In data 17 gennaio 2026, alle ore 12:00, mi sono recato presso l’ufficio postale di via di Tor Pagnotta 4 (Roma Laurentina) per il ritiro di una raccomandata.
All’ingresso dell’ufficio, accanto alla colonnina per il ritiro del numero di prenotazione, era presente un avviso che segnalava possibili disagi dovuti allo sciopero delle prestazioni straordinarie dal 14 gennaio 2026 al 12 febbraio 2026, a causa di un’agitazione sindacale.
Prelevo il numero (Y64) e noto che vi erano più di 15 numeri progressivi prima del mio.
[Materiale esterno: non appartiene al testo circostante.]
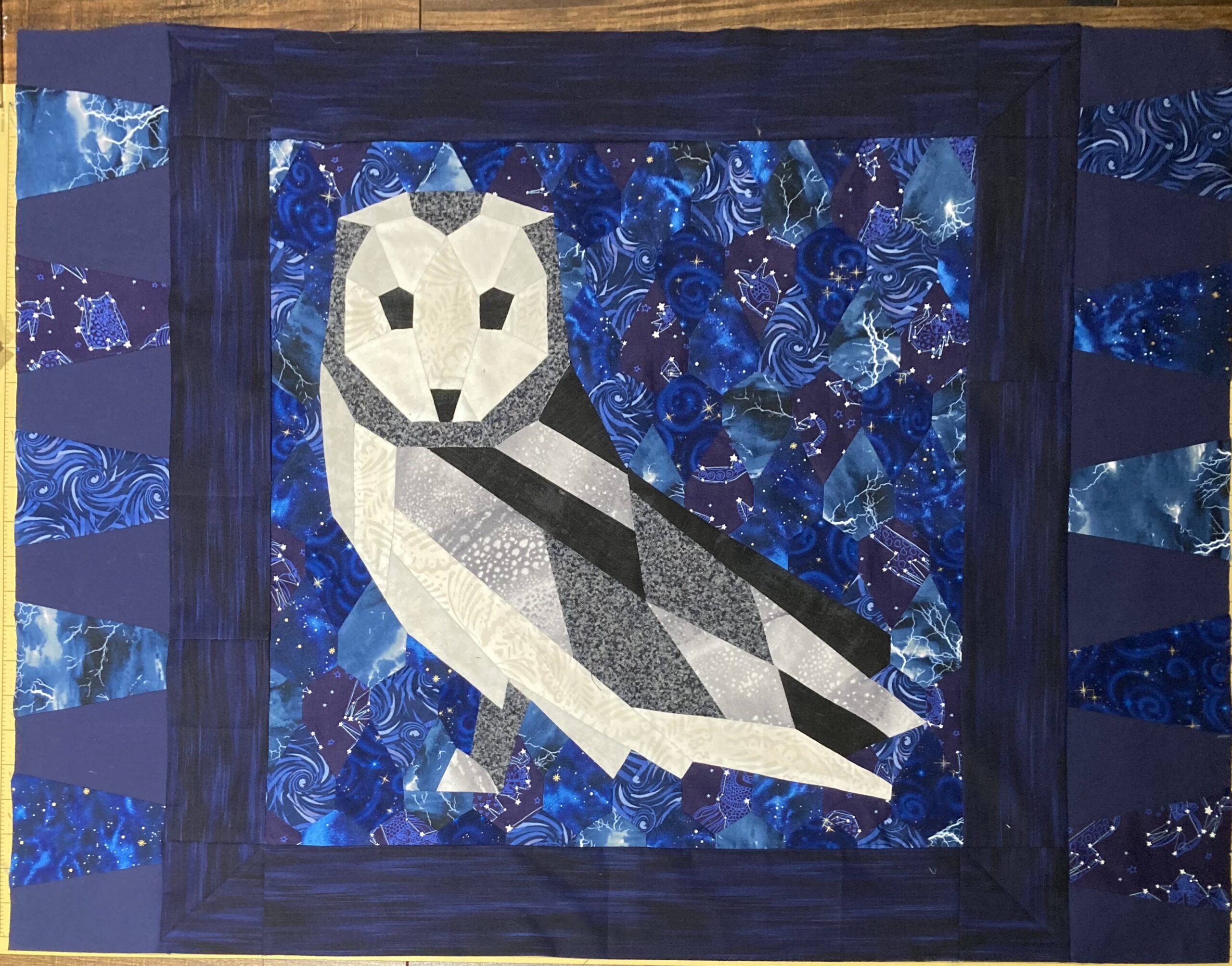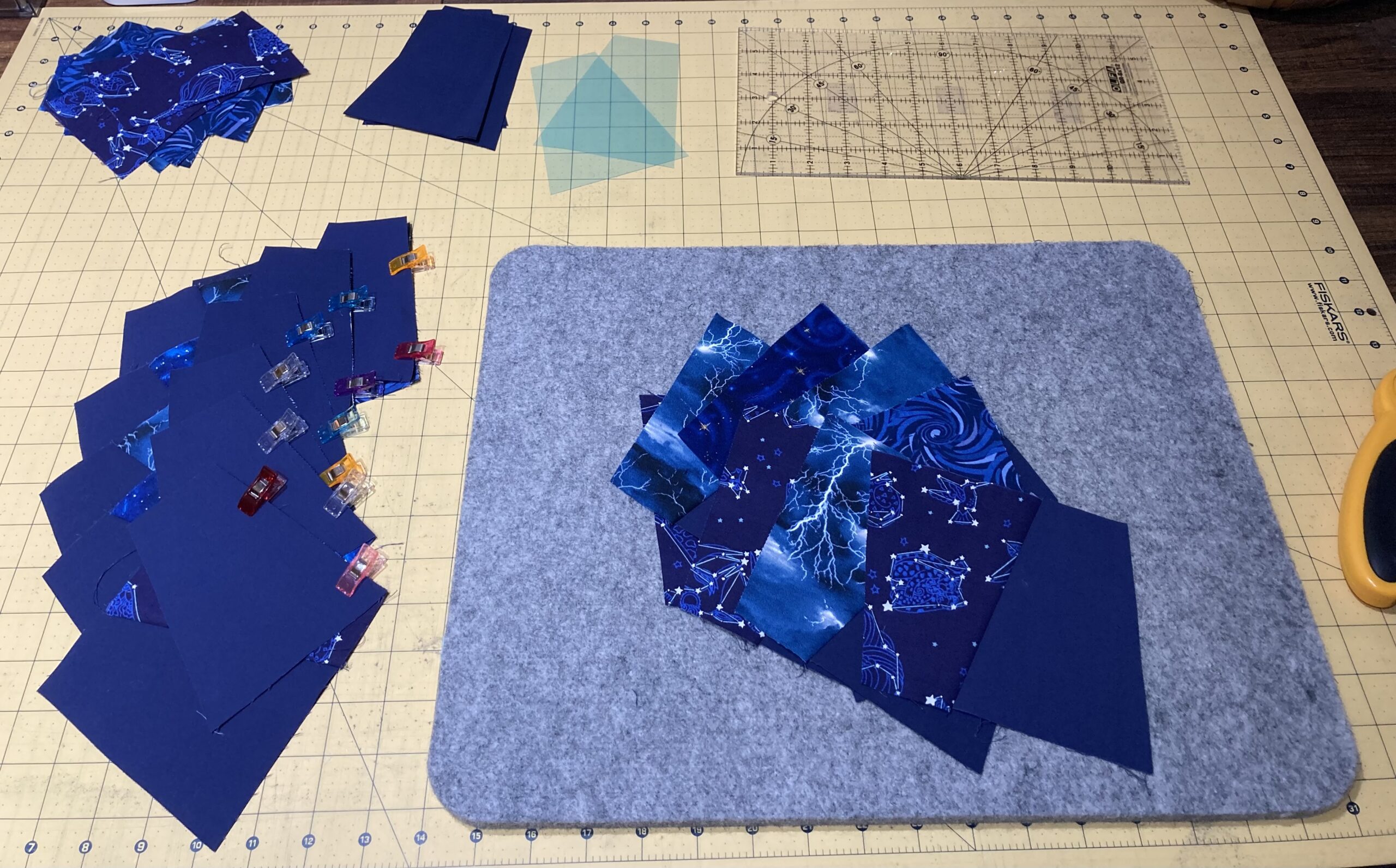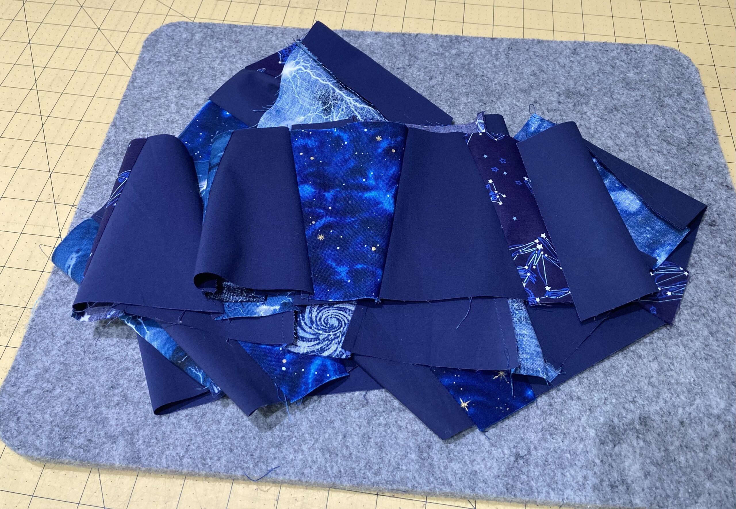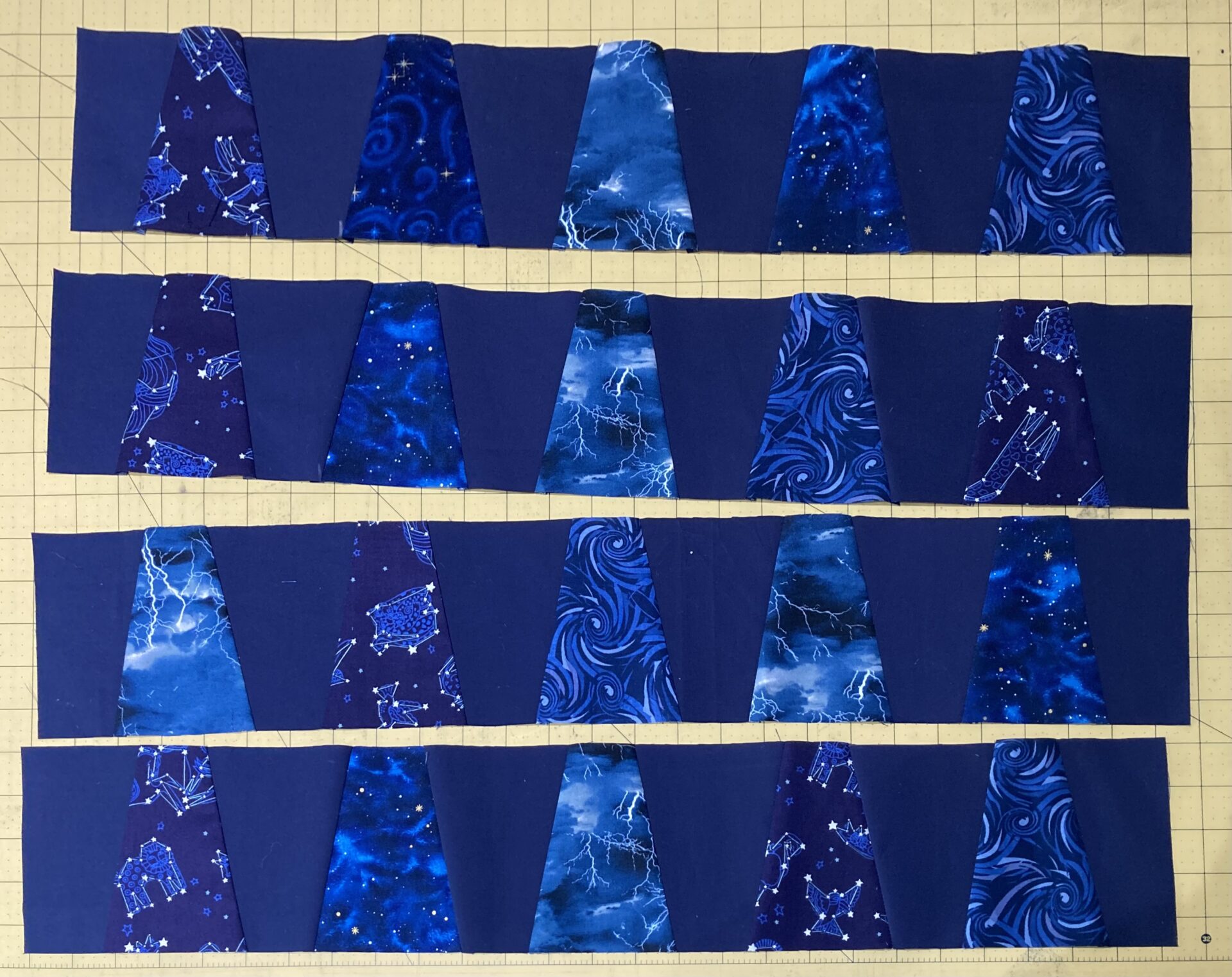 Overcut the trapezoids to account for alignment issues and squaring, and then didn’t feel like cutting them down – 4.25″ rather than 4″. Down to the dregs on half the sky fabrics, less variation than I’d like, but it is what it is. At least it’s flat.

Rimango quindi in attesa, tenendo conto dell’orario di chiusura dell’ufficio postale (ore 12:30), considerato anche il fatto che la colonnina continuava regolarmente a erogare i numeri e che non vi era alcun avviso circa modalità di interruzione. Nel frattempo arrivano ulteriori persone che prelevano il numero.
Intorno alle 12:25, il dipendente dello sportello 7 comunica, in modo concitato e ad alta voce, che alle 12:30 non sarebbe stato più servito alcun cliente. Mi avvicino per chiedere chiarimenti, soprattutto alla luce del fatto che la colonnina numerica continuava a funzionare e che non era presente alcun avviso relativo all’interruzione del servizio, se non quello relativo all'agitazione sindacale.
Il dipendente mi risponde che non può farci nulla. Chiedo quindi di poter parlare con un responsabile o con il direttore, considerato che circa più di una decina di persone erano ancora in attesa della chiamata allo sportello. Mi viene indicato di rivolgermi al primo sportello e di parlare con il signor Fabio.
Dopo aver atteso l’arrivo di tale dipendente, chiedo spiegazioni in merito alla chiusura e alla mancata erogazione del servizio. Mi viene risposto che il personale era in sciopero sindacale, che era presente un cartello specifico presso la colonnina (cartello che, come risulta dalle foto effettuate, non riportava indicazioni diverse da quelle già citate) e che non era un suo problema se vi fossero persone ancora in attesa.
Chiedo quindi spiegazioni riguardo:
•l’erogazione continua dei numeri da parte della colonnina,
•l’attesa inutile degli utenti,
•il mancato blocco degli ingressi,
•l’assenza di una chiara comunicazione di servizio circa l’interruzione alle ore 12:30, TASSATIVA, senza tener conto dell'erogazione numerica della colonnina.
Anche in questo caso mi viene risposto che non era un suo problema e che “i cartelli c’erano”.
Chiedo di parlare con il Direttore, ma mi viene risposto che non è presente e che lui ne fa le veci.
Nel frattempo si avvicinano altri utenti a chiedere spiegazioni (Vds. telecamere); il dipendente continua a ripetere le medesime affermazioni, mostrando totale disinteresse per il fatto che vi fossero persone in attesa per il ritiro di atti giudiziari, multe con scadenza entro cinque giorni, e altre pratiche urgenti.
Alla richiesta di fornire il suo cognome, mi viene risposto che non era tenuto a fornirmelo in quanto, testualmente, “io non sono nessuno”.
A quel punto lo ringrazio e comunico che provvederò a presentare formale reclamo a Poste Italiane per l’inadempienza del servizio e per la mancata e adeguata cartellonistica informativa.